*** Input data Section Begins ***

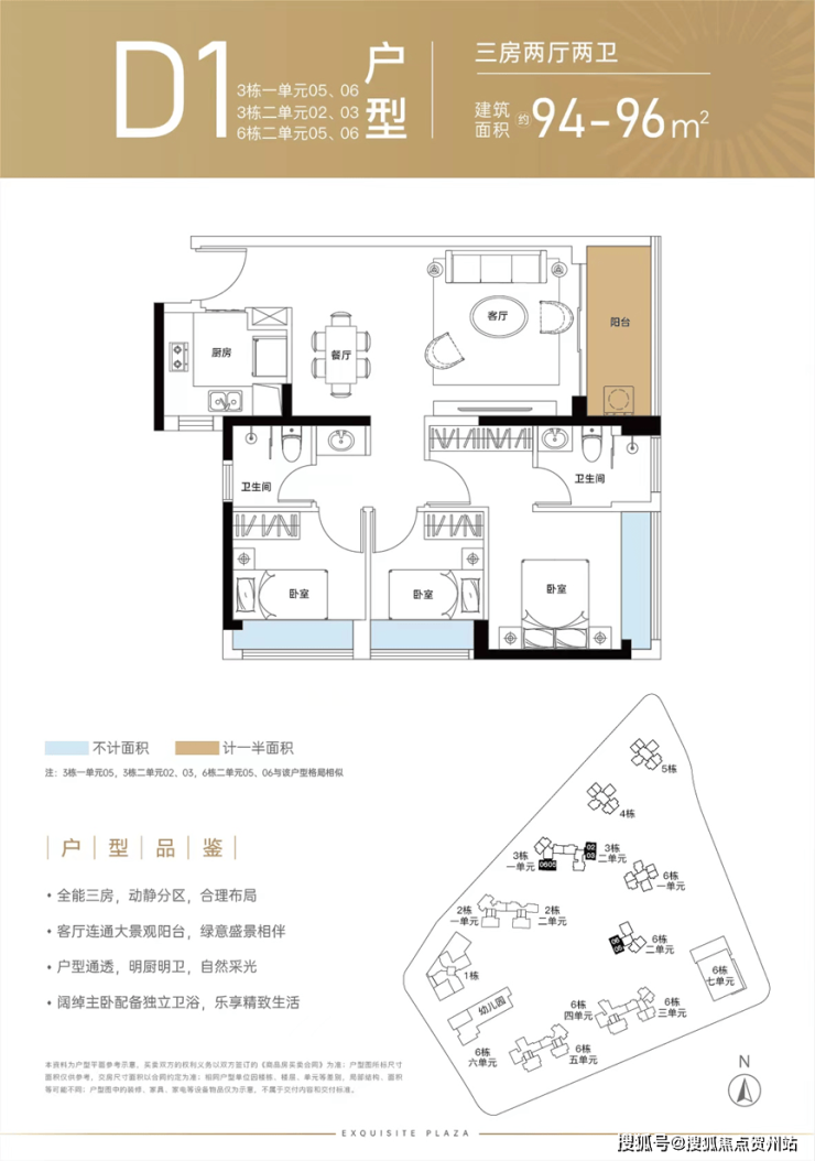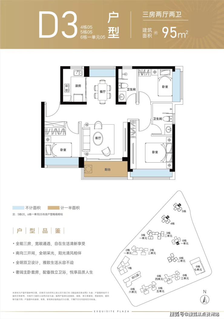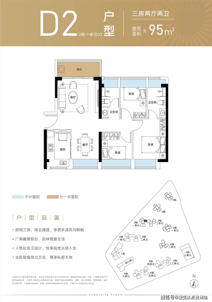 95㎡的3房2厅2卫(D3),得房率:72.95%(不含赠送),阳台主朝东南或西南朝向。
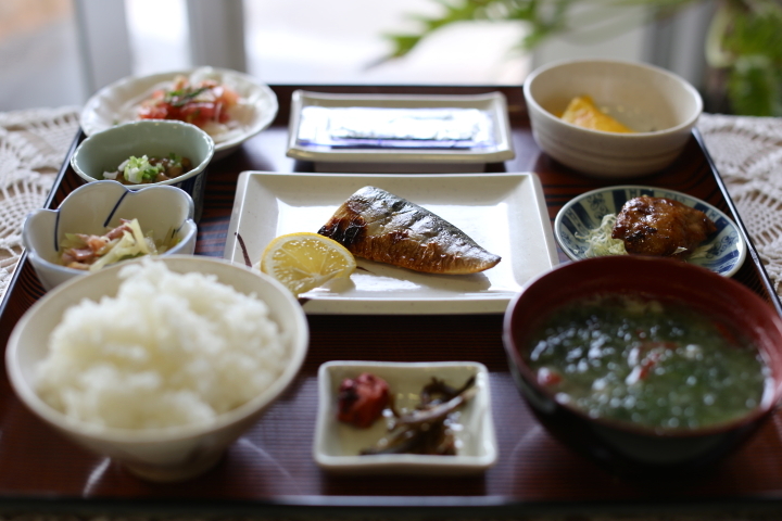 朝食ももちろん捕れたて鮮魚が中心です。この日は、サバの麹焼きの他、
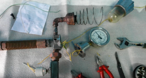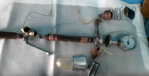 Я не покупал для него никаких деталей, делал из того, что находил дома и на работе. Краном включается сет, а манометр показывает давление.
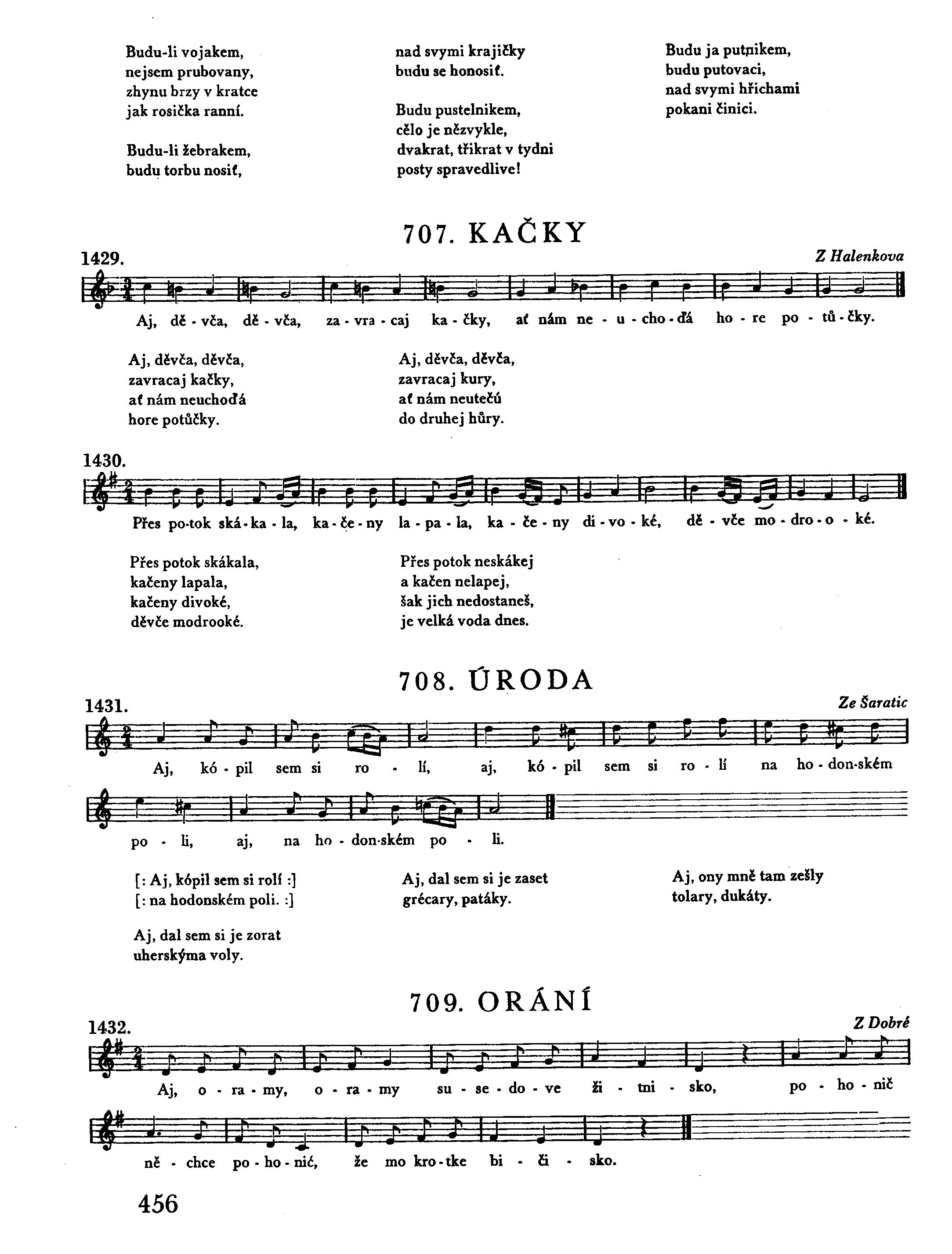1. [: Kúpíł sem si roľí :] [: v tom Holickém poli, :] [: dáł sem si ho zorat :] [: dvanásti bivoły. :] [: Dáł sem si ho zorat, :] [: aj sem si ho zaséł, :] [: hneď skoro z večera :] [: ľež měsíček zašéł. :] [: Aj sem si ho zaséł :] [: grajcary, patáky :] [: a ony mě zešły :] [: toraľe, dukáty. :] 2. [: Stavajú, stavajú, ;] [: šibeničky dvoje, :] [: vyber si, Janoško, :] [: keré budú tvoje :] [: Na keré ňa dajú, :] [: na tych budu visat, :] [: bude ně z hlavičky :] [: tuľipán vykvětat. :] [: Tuľipán, tuľipán, :] [: kedy ta trhat mám? :] [: Dočkaj do neděľe, :] [: až sa rozeleňám. :]
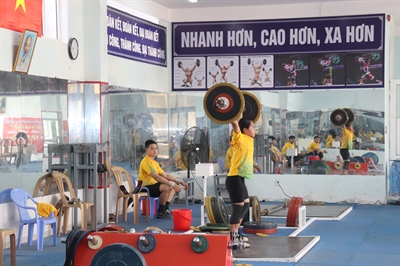 Các vận động viên bộ môn Cử tạ tập luyện tại Trung tâm Huấn luyện thể thao quốc gia Đà Nẵng
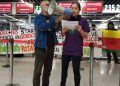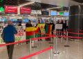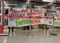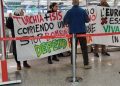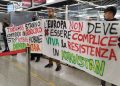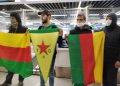 İtalyanca “Rojava ile dayanışma, Rojava için ayağa kalk ve Rojava’ya saldırıları durdur” yazan pankartlar ile gişe önünde eylem yapan gençler, THY’nin işlem yapmasını bir süre engelledi.
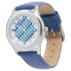 Diagonal range les coeurs dans les tons bleus accent cette montre bracelet amusante montrée dans un style enfant mais aussi amusant pour les adultes. La coordination des nombres bleus sur un arrière - plan blanc permet de dire facilement l'heure.
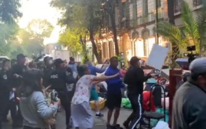 En videos que circulan en redes sociales se observan enfrentamientos entre los supuestos agresores y los inquilinos, mientras que las pertenencias de estos últimos posaban en la cera de la calle.
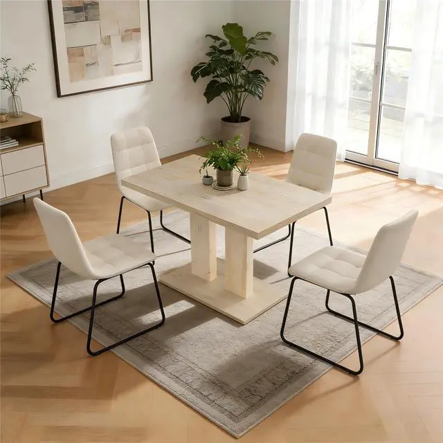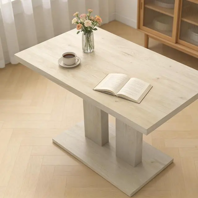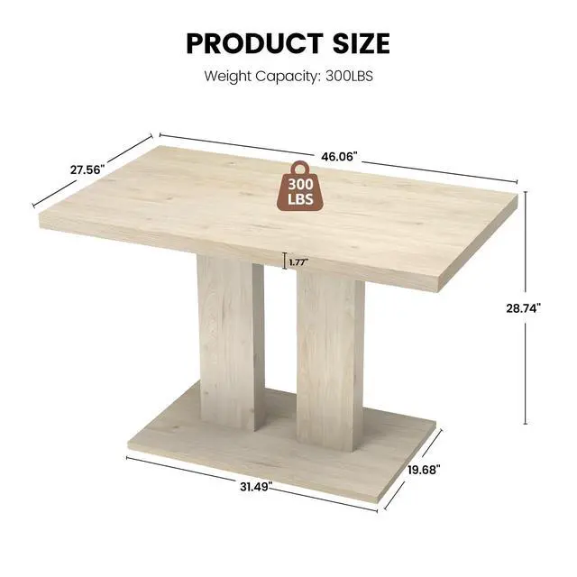 | Special Feature | Extra-Thick Square-Edge Tabletop, Natural Wood Grain Finish, Pedestal Base, Rectangle Dining Table, Smooth & Easy-Care Surface |
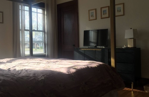 Highly sought-after historic location. Listen to the birds in the morning while you sit on the large front porch's porch swing, in the backyard under an umbrella, or by the fire pit. After a walk to the Saturday morning Farmer's Market, soak in the Jacuzzi tub and unwind. Beds sleep well and sheets are high count cotton.
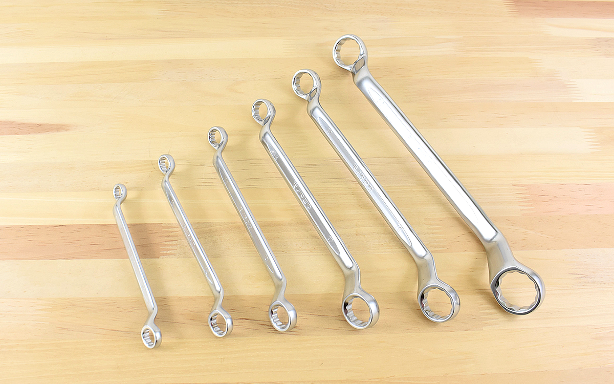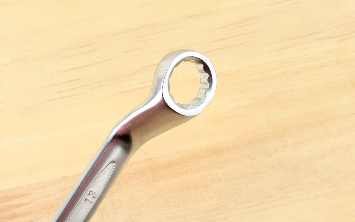 レンチの最小径は約8×10mmで、それ以外は約10×12、11×13、14×17、17×19、22×24mmのサイズとなっています。クロバナジウム鋼製のレンチは1本1本が頑丈でチープ感はありません。
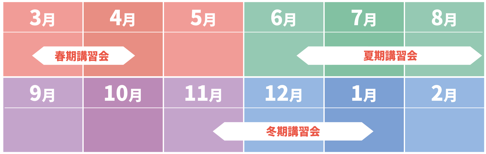 春期、夏期、冬期と年間3回の講習会をご用意しています。
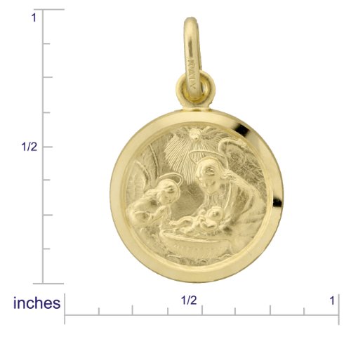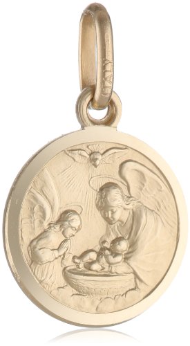 -. Feature : Shows the image of the Baby Jesus with two attentive angels in a dull finish surrounded by a polished border, made in Italy / Made in Italy
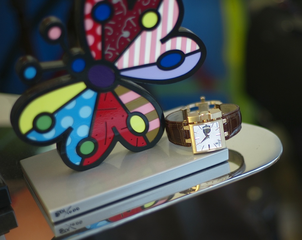 Here, I placed the watch next to a work by Britto.
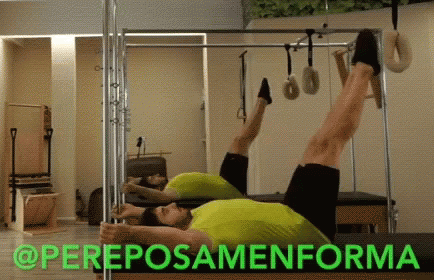 A man performs a Pilates rollover exercise on a machine, showcasing core strength with Pereposamenforma.
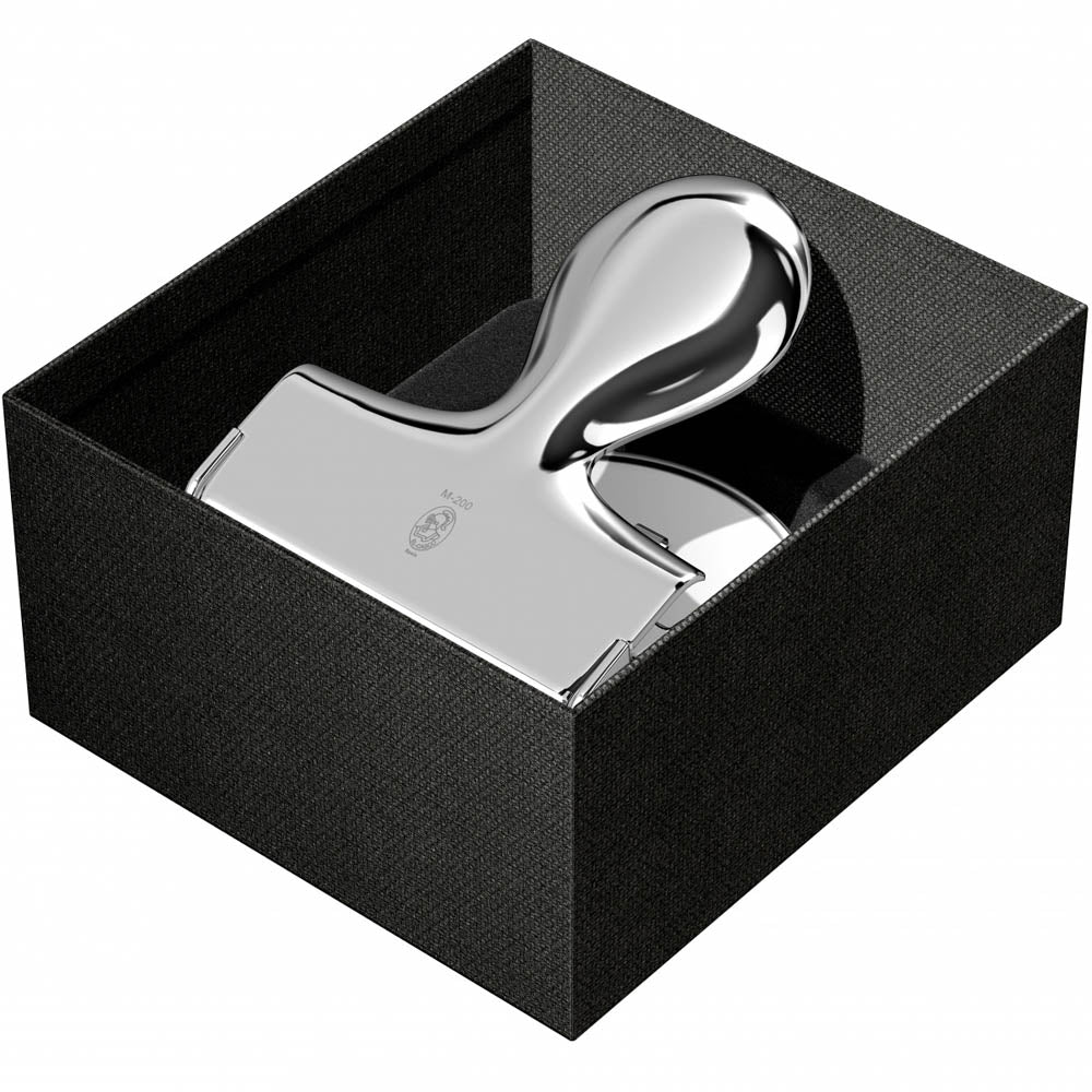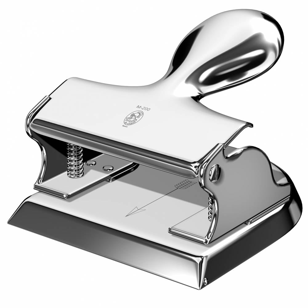 Alle Bestandteile dieser Lochmaschinen sind exakt aufeinander eingestellt, von Hand fein justiert und mit fortlaufenden Seriennummern versehen. Diese garantieren die Originalität eines jeden EL CASCO EDELCHROM Produktes. Zum Schluss werden die eleganten Alltagshelfer per Hand auf Hochglanz gebracht. und so wird gelocht: Zum Lochen dient die Mittelmarkierung auf der Bodenplatte, die in Form eines Pfeiles in das Material eingraviert ist. Die Stanzkapazität beträgt 30 Blatt Papier. Beim einfachen Öffnen und Entleeren des Sammelfaches für das Konfetti hilft eine Metallfeder in der Bodenplatte. Auf die Anschlagschiene für die unterschiedlichen Papierformate wurde bei diesem Locher bewusst verzichtet.
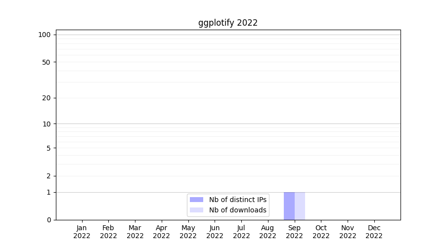 Number of downloads for workflow package ggplotify, year by year, from 2025 back to 2015 (years with no downloads are omitted):
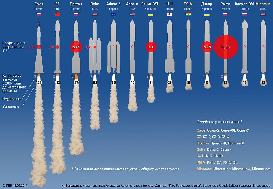 надо посмотреть бы на все пуски в т.ч и пилотируемые, особо выделить катастрофы при старте, при посадке, а то Вы сравниваете дельту с атласом с протоном, а если с мткк? И без протона. Вся статистика вещь жуликоватая в мелочах, если с взять с 1942 года статистику с фау начиная, что получится... Работай - не работай, всё -едино

*** Input data Section Ends ***

## Problem
Print the data once more without any change, skipping each picture.

## Task output
 95㎡的3房2厅2卫(D3),得房率:72.95%(不含赠送),阳台主朝东南或西南朝向。
 朝食ももちろん捕れたて鮮魚が中心です。この日は、サバの麹焼きの他、
 Я не покупал для него никаких деталей, делал из того, что находил дома и на работе. Краном включается сет, а манометр показывает давление.
1. [: Kúpíł sem si roľí :] [: v tom Holickém poli, :] [: dáł sem si ho zorat :] [: dvanásti bivoły. :] [: Dáł sem si ho zorat, :] [: aj sem si ho zaséł, :] [: hneď skoro z večera :] [: ľež měsíček zašéł. :] [: Aj sem si ho zaséł :] [: grajcary, patáky :] [: a ony mě zešły :] [: toraľe, dukáty. :] 2. [: Stavajú, stavajú, ;] [: šibeničky dvoje, :] [: vyber si, Janoško, :] [: keré budú tvoje :] [: Na keré ňa dajú, :] [: na tych budu visat, :] [: bude ně z hlavičky :] [: tuľipán vykvětat. :] [: Tuľipán, tuľipán, :] [: kedy ta trhat mám? :] [: Dočkaj do neděľe, :] [: až sa rozeleňám. :]
 Các vận động viên bộ môn Cử tạ tập luyện tại Trung tâm Huấn luyện thể thao quốc gia Đà Nẵng
 İtalyanca “Rojava ile dayanışma, Rojava için ayağa kalk ve Rojava’ya saldırıları durdur” yazan pankartlar ile gişe önünde eylem yapan gençler, THY’nin işlem yapmasını bir süre engelledi.
 Diagonal range les coeurs dans les tons bleus accent cette montre bracelet amusante montrée dans un style enfant mais aussi amusant pour les adultes. La coordination des nombres bleus sur un arrière - plan blanc permet de dire facilement l'heure.
 En videos que circulan en redes sociales se observan enfrentamientos entre los supuestos agresores y los inquilinos, mientras que las pertenencias de estos últimos posaban en la cera de la calle.
 | Special Feature | Extra-Thick Square-Edge Tabletop, Natural Wood Grain Finish, Pedestal Base, Rectangle Dining Table, Smooth & Easy-Care Surface |
 Highly sought-after historic location. Listen to the birds in the morning while you sit on the large front porch's porch swing, in the backyard under an umbrella, or by the fire pit. After a walk to the Saturday morning Farmer's Market, soak in the Jacuzzi tub and unwind. Beds sleep well and sheets are high count cotton.
 レンチの最小径は約8×10mmで、それ以外は約10×12、11×13、14×17、17×19、22×24mmのサイズとなっています。クロバナジウム鋼製のレンチは1本1本が頑丈でチープ感はありません。
 春期、夏期、冬期と年間3回の講習会をご用意しています。
 -. Feature : Shows the image of the Baby Jesus with two attentive angels in a dull finish surrounded by a polished border, made in Italy / Made in Italy
 Here, I placed the watch next to a work by Britto.
 A man performs a Pilates rollover exercise on a machine, showcasing core strength with Pereposamenforma.
 Alle Bestandteile dieser Lochmaschinen sind exakt aufeinander eingestellt, von Hand fein justiert und mit fortlaufenden Seriennummern versehen. Diese garantieren die Originalität eines jeden EL CASCO EDELCHROM Produktes. Zum Schluss werden die eleganten Alltagshelfer per Hand auf Hochglanz gebracht. und so wird gelocht: Zum Lochen dient die Mittelmarkierung auf der Bodenplatte, die in Form eines Pfeiles in das Material eingraviert ist. Die Stanzkapazität beträgt 30 Blatt Papier. Beim einfachen Öffnen und Entleeren des Sammelfaches für das Konfetti hilft eine Metallfeder in der Bodenplatte. Auf die Anschlagschiene für die unterschiedlichen Papierformate wurde bei diesem Locher bewusst verzichtet.
 Number of downloads for workflow package ggplotify, year by year, from 2025 back to 2015 (years with no downloads are omitted):
 надо посмотреть бы на все пуски в т.ч и пилотируемые, особо выделить катастрофы при старте, при посадке, а то Вы сравниваете дельту с атласом с протоном, а если с мткк? И без протона. Вся статистика вещь жуликоватая в мелочах, если с взять с 1942 года статистику с фау начиная, что получится... Работай - не работай, всё -едино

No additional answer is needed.